Kingdom of Prussia's highest order of merit

The Pour le Mérite (/de/; /fr/, lit. 'For Merit'), also informally known as the Blue Max (Blauer Max) after German WWI flying ace Max Immelmann, is an order of merit established in 1740 by King Frederick II of Prussia. Alongside the extinct Order of the Black Eagle, Order of the Red Eagle, and the House Order of Hohenzollern, the award was one of the Kingdom of Prussia's most significant, with the Pour le Mérite itself being the highest order of bravery for officers of all ranks, and the highest recognition of civilian accomplishment awarded by the Prussian Crown.

Separated into two classes, each with their own designs, the Pour le Mérite was awarded as both a military and civil honour. While the military class has been extinct since the abolition of the German Monarchy, the civil honour continues to be awarded by the German state at the oversight of the Minister of State for Culture and discretion of the Federal President. The Pour le Mérite was awarded as a recognition of extraordinary personal achievement, rather than as a general marker of social status or a courtesy-honour, although certain restrictions of social class and military rank were applied. The order was secular, and membership endured for the remaining lifetime of the recipient, unless renounced or revoked.
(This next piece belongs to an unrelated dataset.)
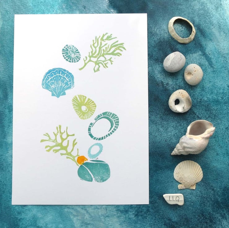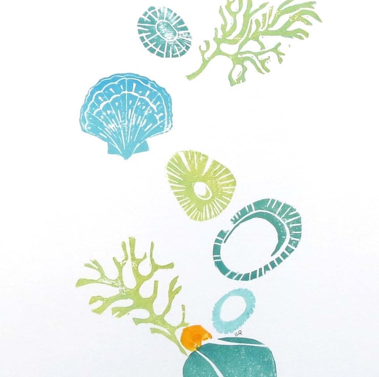 OOAK mono lino print of seashells, seaweed and pebbles inspired by rockpools in aqua, teal and green. Inspired by hours of rockpooling as a child and adult. Using a collection of different lino plates enables me to produce multiple varying compositions making no two prints the same.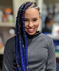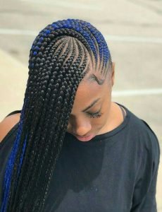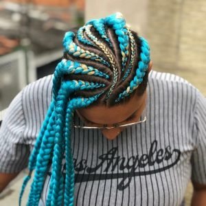 This lemonade style helps us to remember blurring dusk with shades of cobalt blue set facing your dark braids. The cobalt braids start as small on your scalp and straightforwardness out into thickness as they broaden outwards. This look is clearly a shocker with the scramble of splendid blue extensions. The dark black strands balance perfectly with the level yet somewhat curled laid edges.

New awards of the military class ceased with the end of the Prussian monarchy in November 1918. German author Ernst Jünger, who died in 1998, was the last living recipient of the military class award.

A civil class for merits in sciences, humanities, and arts was established in 1842 by King Frederick William IV. The civil class was revived as an independent organization in 1923 (Pour le Mérite für Wissenschaften und Künste). Instead of the King of Prussia, the President of Germany acted as head of the order. After the Second World War, the civil class was re-established in 1952. It is this manifestation of the Pour le Mérite that remains active. The Pour le Mérite is an order into which a person is admitted, like the United Kingdom's Order of the British Empire, and is not simply a medal or state decoration.

== Military class ==

The Pour le Mérite was founded in 1740 by King Frederick II of Prussia. It was named in French, which was the leading international language and the favoured language at Frederick's court. The French name was retained, despite the rising tide of nationalism and increasing hostility between the French and Germans during the 19th century, and indeed many of its recipients were honoured for acts performed in wars against France. The insignia of the military award was a blue-enameled Maltese Cross with golden eagles between the arms (which is based on the symbol of the Johanniter Order) and the Prussian royal cypher and the words Pour le Mérite ("For Merit" in French) written in gold letters on the body of the cross. The ribbon was black with edge stripes of silver-white. The order consisted of only one class, both civil and military, until 1810. Only a few civilians were honored: Pierre Louis Maupertuis (1747), Francesco Algarotti (1747) and Voltaire (1750).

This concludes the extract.